I studied this and have been practicing my entire career. Well designed databases are critical to an application. See: Relational Database [wikipedia.org]
I also studied this and use it as appropriate. See: Objection Orientation [wikipedia.org]
I aim not to be "out there" in terms of design. A simple, well known design is easier to understand for those that have to work on a project in the
future, myself included. To this end I strive to use design patterns (but not rigorously).
Visit, for example, Patterns for PHP [patternsforphp.com]
I subscribe to the DRY principle: Don't Repeat Yourself. Essentially this is doing something in one place only.
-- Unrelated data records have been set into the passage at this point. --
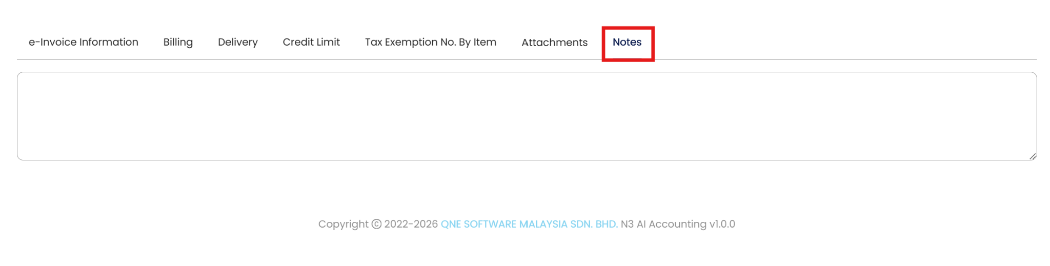 Input any remarks in regards of the customer accounts under the Note tab.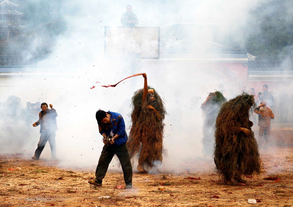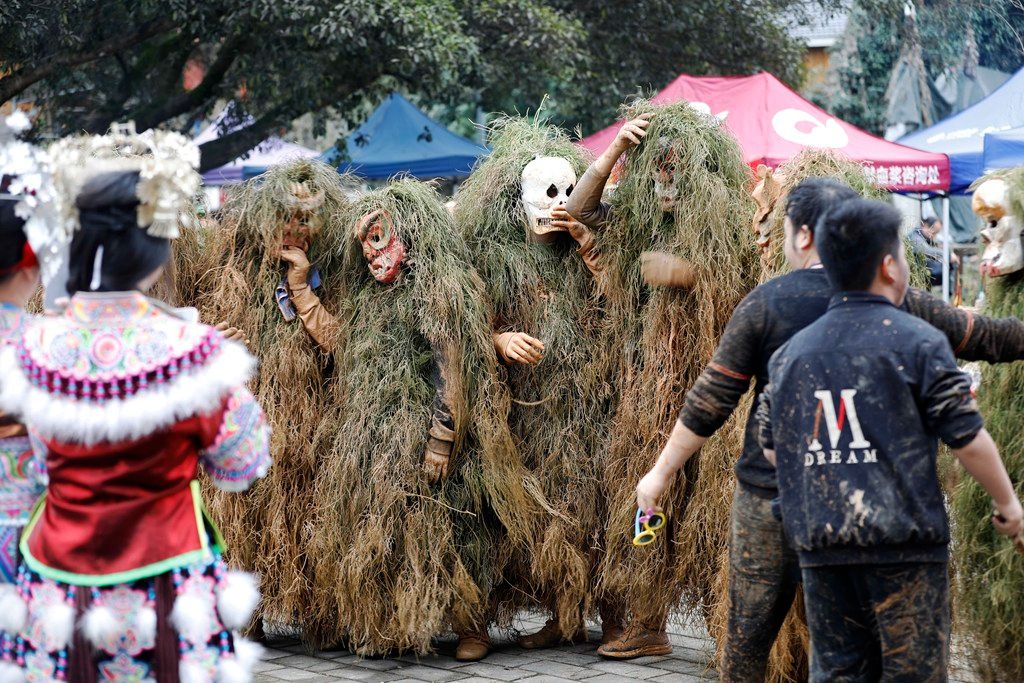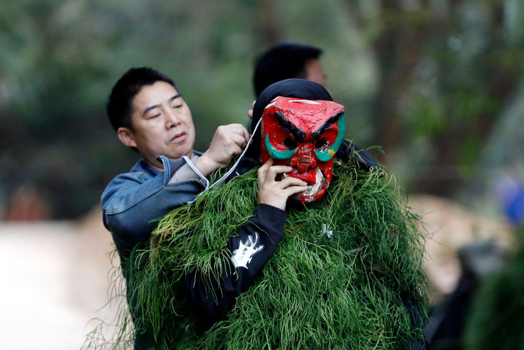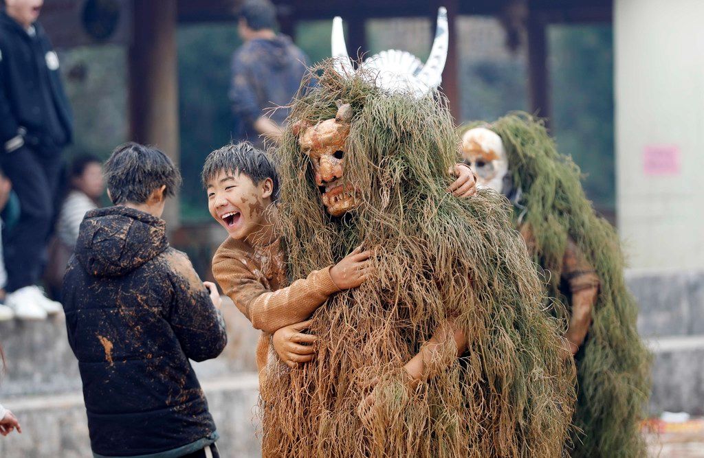 2026年2月25日,广西柳州市融安县长安镇大袍苗寨举行一年一度的“芒蒿”节。十多名青年人头戴芒蒿面具,身披芒草,手脚涂黑进行舞蹈,在锣鼓声中,走村串巷,向人们恭祝新年健康长寿。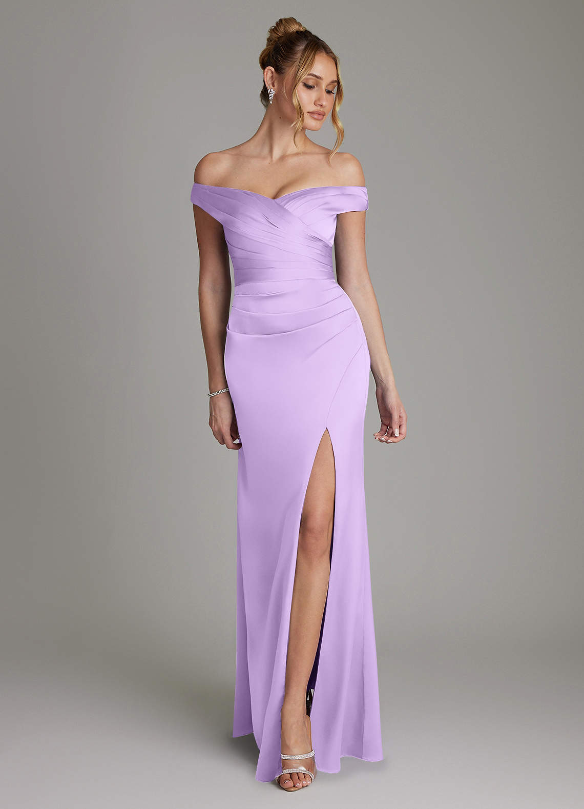 Lilac Sheath Off the Shoulder Stretch Satin Dress
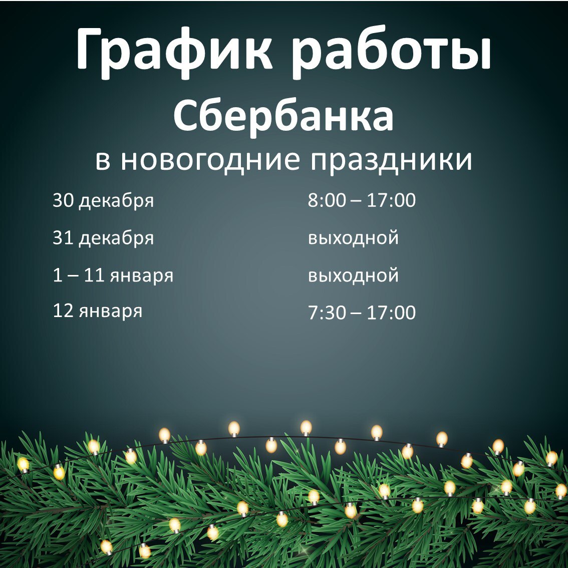 Дорогие друзья! Обратите внимание, что в ранее опубликованный график работы отделения Сбербанка в новогодние праздники внесены изменения.
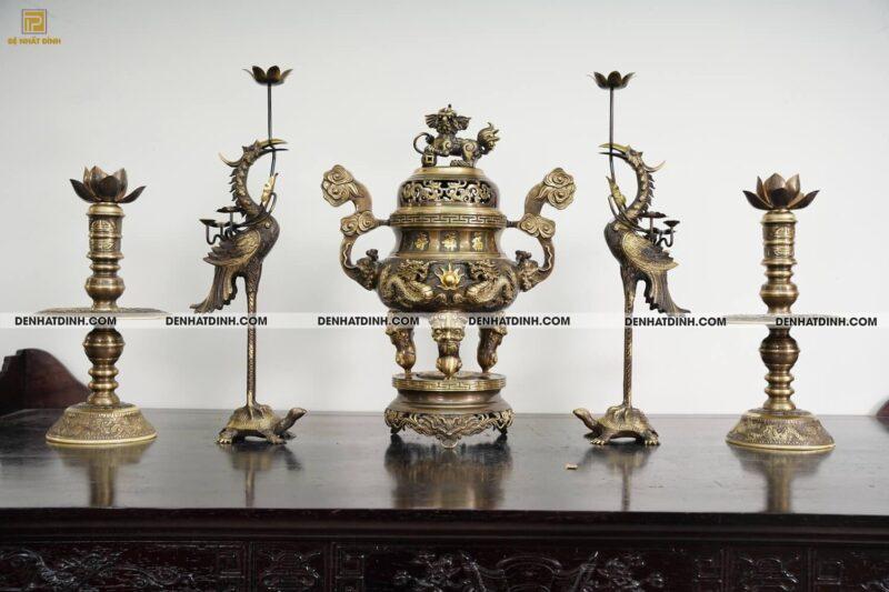 Màu hun cổ trầm ấm đặc biệt phù hợp với nền gỗ phòng thờ, giúp bộ đỉnh nổi bật nhưng không quá chói, giữ được vẻ cổ kính, truyền thống.
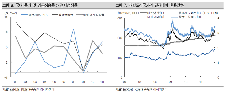국내 시장의 경우 경제성장률보다 생산자물가와 임금상승률이 훨씬 높게 나타나고 있다.

I've been doing web development since 1999. I started developing web applications in ASP while I was doing technical support at Telkom [telkom.co.za]. I built an application to pull records from our fault management application and put them on the intranet. It became quite popular and was soon in use throughout the country.
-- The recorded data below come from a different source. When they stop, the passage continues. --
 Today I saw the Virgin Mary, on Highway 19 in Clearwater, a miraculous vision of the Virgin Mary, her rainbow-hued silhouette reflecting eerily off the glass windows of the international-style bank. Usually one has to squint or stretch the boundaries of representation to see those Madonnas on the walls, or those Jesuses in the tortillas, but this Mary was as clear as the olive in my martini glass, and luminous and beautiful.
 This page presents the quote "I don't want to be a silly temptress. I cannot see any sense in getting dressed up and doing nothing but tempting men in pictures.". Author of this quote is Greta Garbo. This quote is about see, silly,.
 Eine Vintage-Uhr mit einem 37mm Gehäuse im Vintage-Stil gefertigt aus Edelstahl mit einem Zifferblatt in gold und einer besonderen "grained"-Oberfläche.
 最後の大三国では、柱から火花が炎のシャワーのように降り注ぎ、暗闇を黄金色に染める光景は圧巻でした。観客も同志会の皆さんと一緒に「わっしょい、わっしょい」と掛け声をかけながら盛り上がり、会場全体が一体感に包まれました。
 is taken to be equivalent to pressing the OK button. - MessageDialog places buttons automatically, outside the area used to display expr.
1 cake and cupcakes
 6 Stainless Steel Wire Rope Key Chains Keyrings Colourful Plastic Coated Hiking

In 2000 I started working at Krazyboyz Digital [krazyboyz.co.za] as a web developer. I was the second web developer to work there. In 2000 websites were really starting to become dynamic, so the work was growing. I moved from junior developer, to senior developer, to team lead to de facto Development Department manager. I was involved with the hiring of about six people and ended up with five developers in my "department" (a company of 15 people is too small to be walled off into departments).
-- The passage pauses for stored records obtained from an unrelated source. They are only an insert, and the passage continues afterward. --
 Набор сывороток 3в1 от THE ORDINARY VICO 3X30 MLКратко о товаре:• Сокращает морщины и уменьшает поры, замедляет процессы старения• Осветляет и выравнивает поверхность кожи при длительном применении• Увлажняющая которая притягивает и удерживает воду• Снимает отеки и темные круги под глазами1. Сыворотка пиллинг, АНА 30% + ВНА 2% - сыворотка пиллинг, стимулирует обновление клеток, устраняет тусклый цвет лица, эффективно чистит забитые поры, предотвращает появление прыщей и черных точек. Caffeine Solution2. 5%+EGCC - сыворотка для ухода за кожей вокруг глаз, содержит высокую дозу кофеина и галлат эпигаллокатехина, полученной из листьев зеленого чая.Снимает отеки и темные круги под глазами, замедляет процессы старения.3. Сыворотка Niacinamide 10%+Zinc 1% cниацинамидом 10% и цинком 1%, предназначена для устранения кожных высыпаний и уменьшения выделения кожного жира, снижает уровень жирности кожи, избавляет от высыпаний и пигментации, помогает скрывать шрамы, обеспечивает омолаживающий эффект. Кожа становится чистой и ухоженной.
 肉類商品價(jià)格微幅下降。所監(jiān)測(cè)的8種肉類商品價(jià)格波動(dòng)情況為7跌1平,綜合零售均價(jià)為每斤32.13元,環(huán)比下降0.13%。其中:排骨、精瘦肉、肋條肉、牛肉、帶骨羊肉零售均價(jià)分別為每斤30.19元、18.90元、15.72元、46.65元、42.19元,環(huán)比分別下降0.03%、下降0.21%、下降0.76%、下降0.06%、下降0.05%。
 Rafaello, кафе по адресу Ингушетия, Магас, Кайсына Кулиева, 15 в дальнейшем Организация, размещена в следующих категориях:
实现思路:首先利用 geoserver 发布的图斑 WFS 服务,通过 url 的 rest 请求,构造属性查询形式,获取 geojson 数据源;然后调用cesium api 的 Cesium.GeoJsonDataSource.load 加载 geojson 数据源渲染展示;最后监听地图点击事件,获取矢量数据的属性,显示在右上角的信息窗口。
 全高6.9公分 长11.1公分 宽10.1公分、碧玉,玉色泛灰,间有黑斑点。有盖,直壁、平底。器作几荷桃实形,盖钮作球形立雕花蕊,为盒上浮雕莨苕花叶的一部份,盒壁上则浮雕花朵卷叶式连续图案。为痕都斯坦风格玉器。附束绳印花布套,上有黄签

As one who doesn't like doing the same boring thing repeatedly, I slowly built up a content management library which advanced little by little with each new project. It became quite robust, although by 2006 classic ASP was really showing it's age (and was frustrating to use if you spent any time working with OO languages). I ported it to PHP a few times but since our primary hosting server didn't have PHP on it, things never progressed in that direction.
I started freelancing in my spare time, both for a change of scenery and for a new set of challenges. This became a full-time pursuit in 2007. One of the things that inspired me to take the risk was this quote:
"It is not the critic who counts: not the man who points out how the strong man stumbles or where the doer of deeds could have done better. The credit belongs to the man who is actually in the arena, whose face is marred by dust and sweat and blood, who strives valiantly, who errs and comes up short again and again, because there is no effort without error or shortcoming, but who knows the great enthusiasms, the great devotions, who spends himself for a worthy cause; who, at the best, knows, in the end, the triumph of high achievement, and who, at the worst, if he fails, at least he fails while daring greatly, so that his place shall never be with those cold and timid souls who knew neither victory nor defeat."